== DATA FOR THIS EXERCISE ==
========

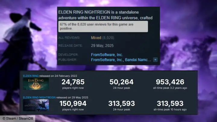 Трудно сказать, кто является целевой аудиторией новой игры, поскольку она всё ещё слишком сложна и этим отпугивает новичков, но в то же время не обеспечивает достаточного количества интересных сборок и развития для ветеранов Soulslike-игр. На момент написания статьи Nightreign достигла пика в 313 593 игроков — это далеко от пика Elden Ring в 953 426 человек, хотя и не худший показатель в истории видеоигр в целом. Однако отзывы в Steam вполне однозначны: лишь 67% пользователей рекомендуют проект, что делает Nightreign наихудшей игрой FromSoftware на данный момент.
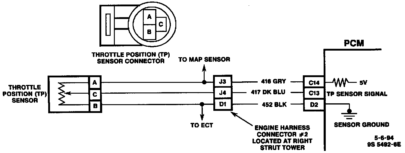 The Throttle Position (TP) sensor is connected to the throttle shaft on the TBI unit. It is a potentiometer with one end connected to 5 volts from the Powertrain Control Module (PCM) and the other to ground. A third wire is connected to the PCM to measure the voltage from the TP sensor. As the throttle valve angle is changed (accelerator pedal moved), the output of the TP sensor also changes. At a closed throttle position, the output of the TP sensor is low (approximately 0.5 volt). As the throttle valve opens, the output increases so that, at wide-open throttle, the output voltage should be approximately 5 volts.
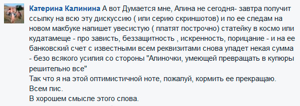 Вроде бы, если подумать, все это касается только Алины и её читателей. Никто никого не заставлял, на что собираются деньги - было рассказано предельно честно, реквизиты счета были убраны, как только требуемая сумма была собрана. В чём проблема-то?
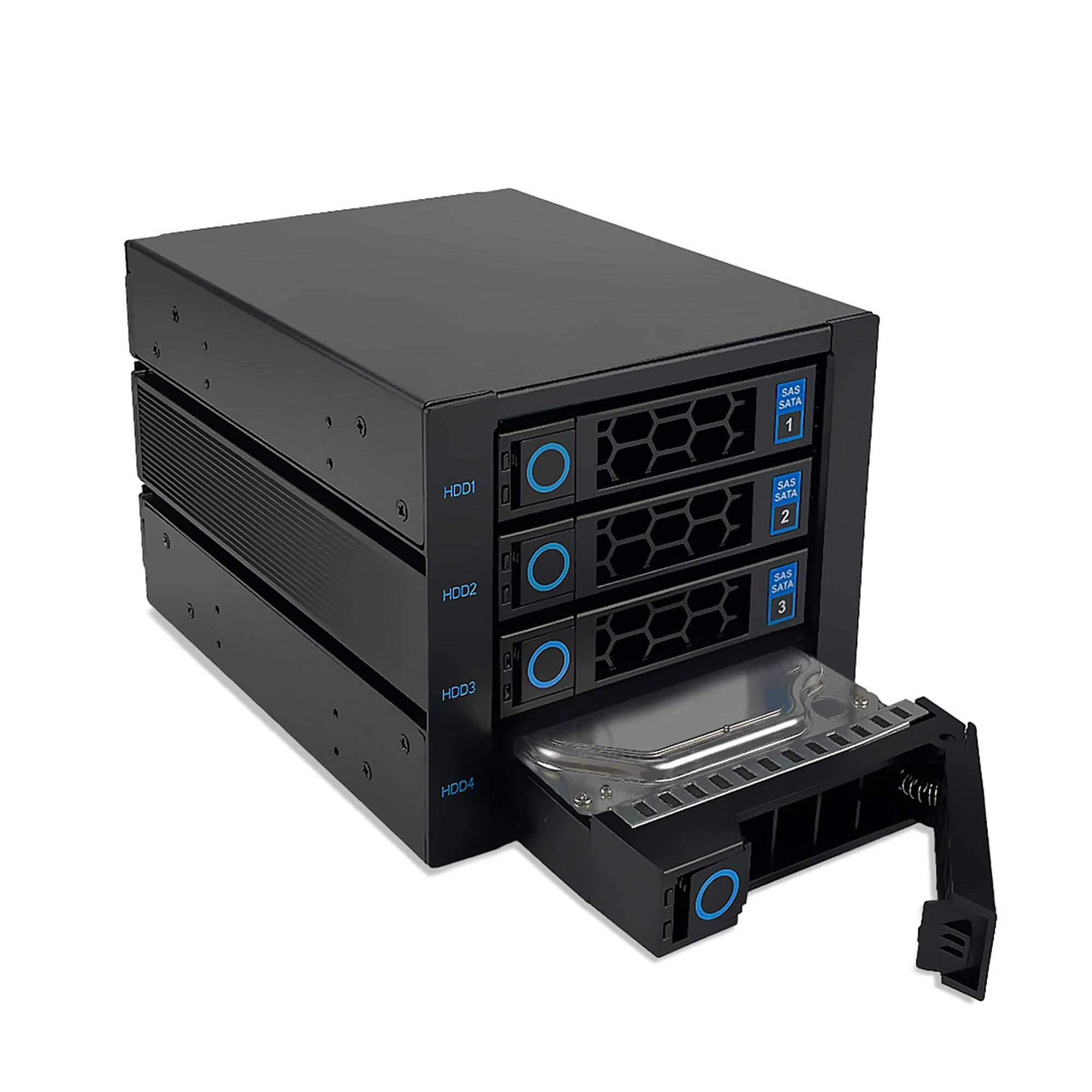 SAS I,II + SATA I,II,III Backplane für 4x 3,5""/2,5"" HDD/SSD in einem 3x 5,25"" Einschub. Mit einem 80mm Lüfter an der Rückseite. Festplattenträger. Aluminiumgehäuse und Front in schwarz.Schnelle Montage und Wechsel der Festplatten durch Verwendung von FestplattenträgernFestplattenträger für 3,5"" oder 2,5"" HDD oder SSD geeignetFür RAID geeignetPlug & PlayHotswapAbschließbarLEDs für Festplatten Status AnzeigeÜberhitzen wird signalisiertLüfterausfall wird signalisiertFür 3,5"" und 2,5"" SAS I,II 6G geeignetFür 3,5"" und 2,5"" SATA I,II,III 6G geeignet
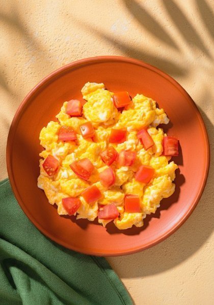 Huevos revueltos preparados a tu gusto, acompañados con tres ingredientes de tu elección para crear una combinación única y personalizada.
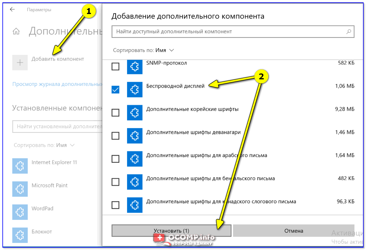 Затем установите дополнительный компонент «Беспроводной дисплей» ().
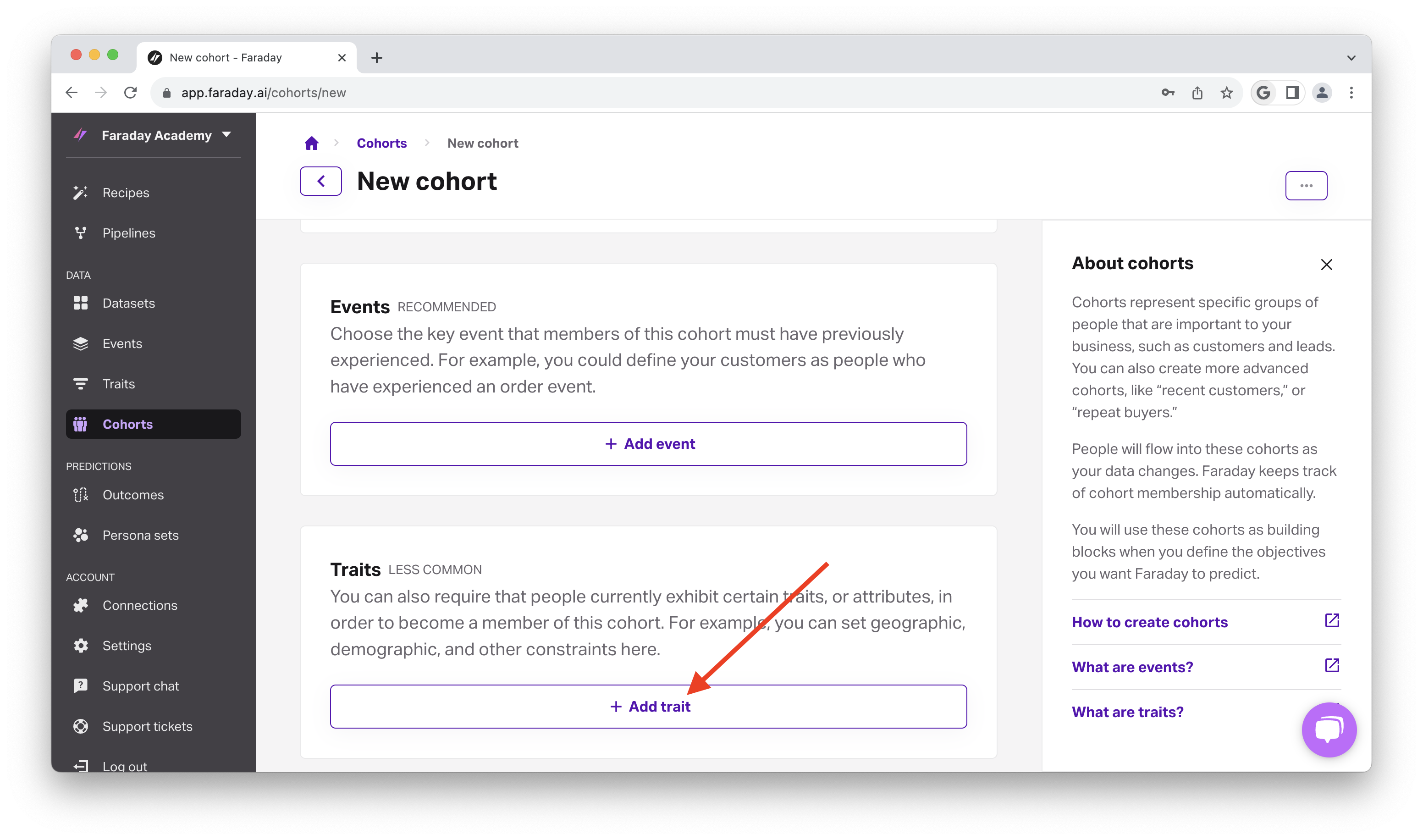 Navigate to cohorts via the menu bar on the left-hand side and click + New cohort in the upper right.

========

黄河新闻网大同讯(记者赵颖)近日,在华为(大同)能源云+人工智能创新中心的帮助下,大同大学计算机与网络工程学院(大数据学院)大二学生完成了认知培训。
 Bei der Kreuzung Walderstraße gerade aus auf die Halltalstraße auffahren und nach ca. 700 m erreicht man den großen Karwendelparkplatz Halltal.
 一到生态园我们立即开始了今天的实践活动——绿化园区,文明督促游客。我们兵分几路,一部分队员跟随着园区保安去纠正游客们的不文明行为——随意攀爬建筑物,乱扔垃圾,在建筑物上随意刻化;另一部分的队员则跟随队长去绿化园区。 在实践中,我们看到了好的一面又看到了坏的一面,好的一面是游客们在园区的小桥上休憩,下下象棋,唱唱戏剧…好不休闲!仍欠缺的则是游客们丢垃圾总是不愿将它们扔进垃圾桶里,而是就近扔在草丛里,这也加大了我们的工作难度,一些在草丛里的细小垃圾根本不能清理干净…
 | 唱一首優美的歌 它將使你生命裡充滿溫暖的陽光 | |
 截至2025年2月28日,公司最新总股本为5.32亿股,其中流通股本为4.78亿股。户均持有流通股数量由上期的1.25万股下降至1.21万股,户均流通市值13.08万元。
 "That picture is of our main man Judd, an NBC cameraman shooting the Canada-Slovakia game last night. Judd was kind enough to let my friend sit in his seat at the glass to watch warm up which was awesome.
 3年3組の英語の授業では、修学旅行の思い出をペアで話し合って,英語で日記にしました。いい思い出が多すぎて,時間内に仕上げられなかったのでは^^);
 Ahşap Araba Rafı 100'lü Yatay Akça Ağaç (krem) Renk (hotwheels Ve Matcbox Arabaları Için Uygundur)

========

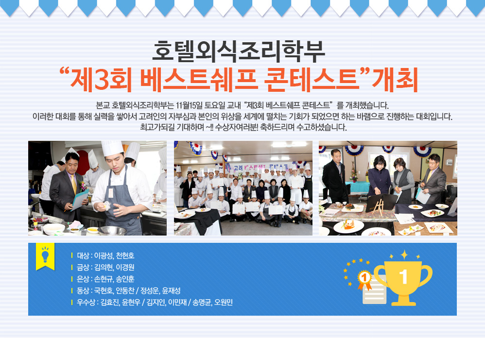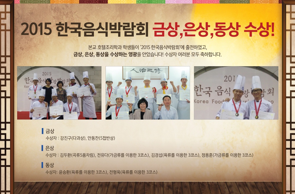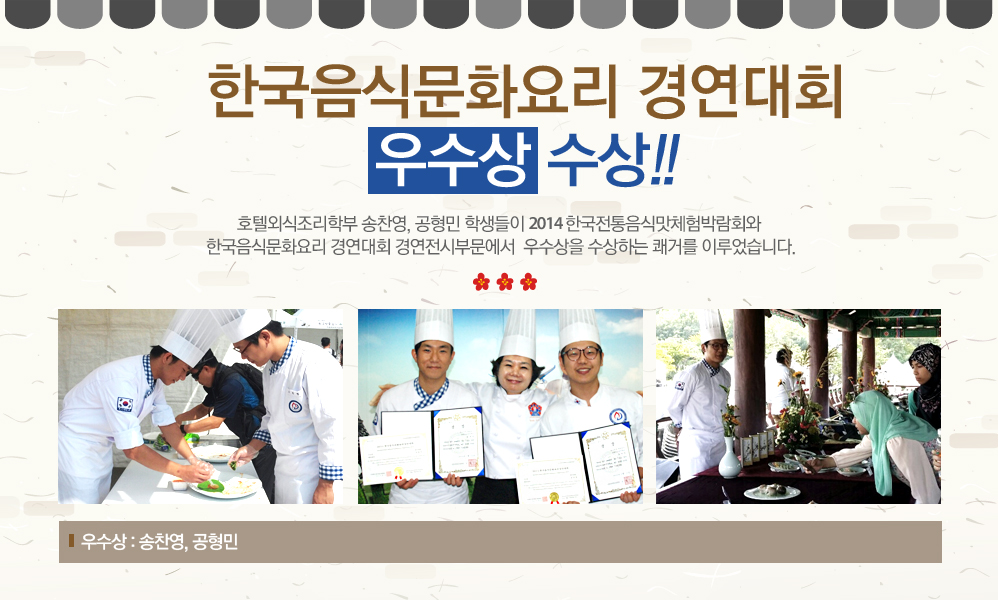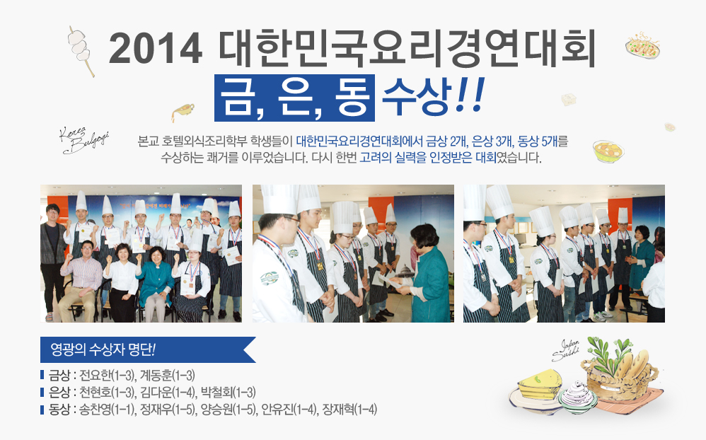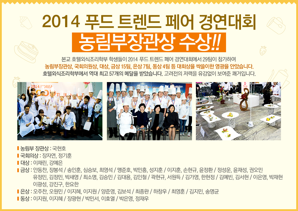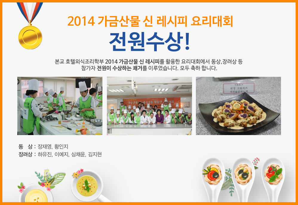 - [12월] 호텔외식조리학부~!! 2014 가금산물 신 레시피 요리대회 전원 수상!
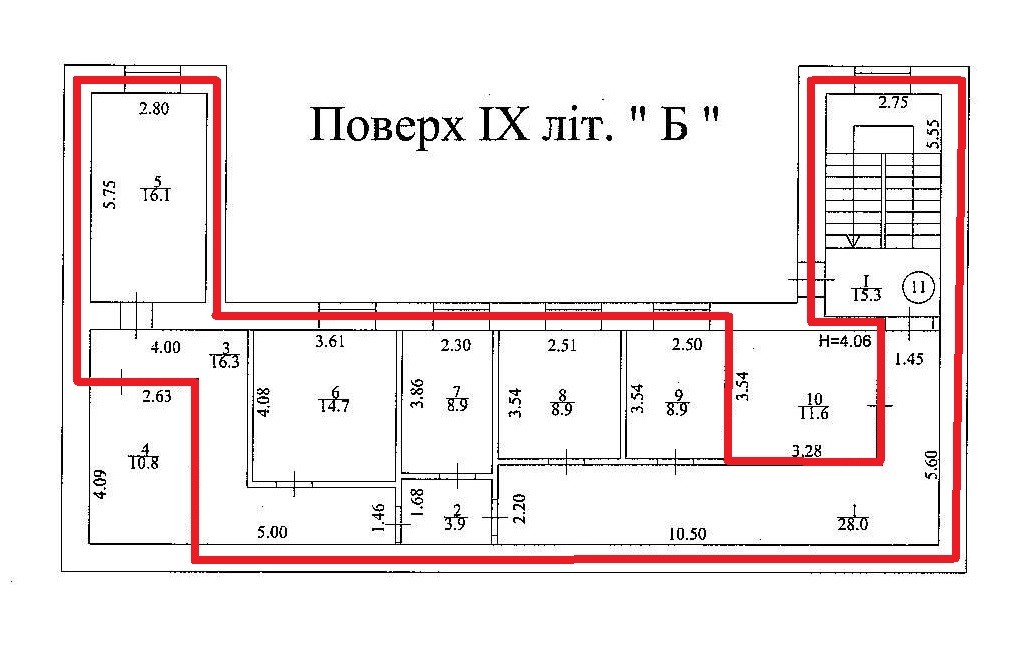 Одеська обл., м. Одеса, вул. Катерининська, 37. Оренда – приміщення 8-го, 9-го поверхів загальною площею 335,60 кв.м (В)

========

== WHAT TO DO ==
Starting at the line above that has "Huevos revueltos preparados" and ending at the line that has "Navigate to cohorts", copy each line exactly, leaving the pictures out and adding nothing.

== WRITTEN SOLUTION ==
 Huevos revueltos preparados a tu gusto, acompañados con tres ingredientes de tu elección para crear una combinación única y personalizada.
 Затем установите дополнительный компонент «Беспроводной дисплей» ().
 Navigate to cohorts via the menu bar on the left-hand side and click + New cohort in the upper right.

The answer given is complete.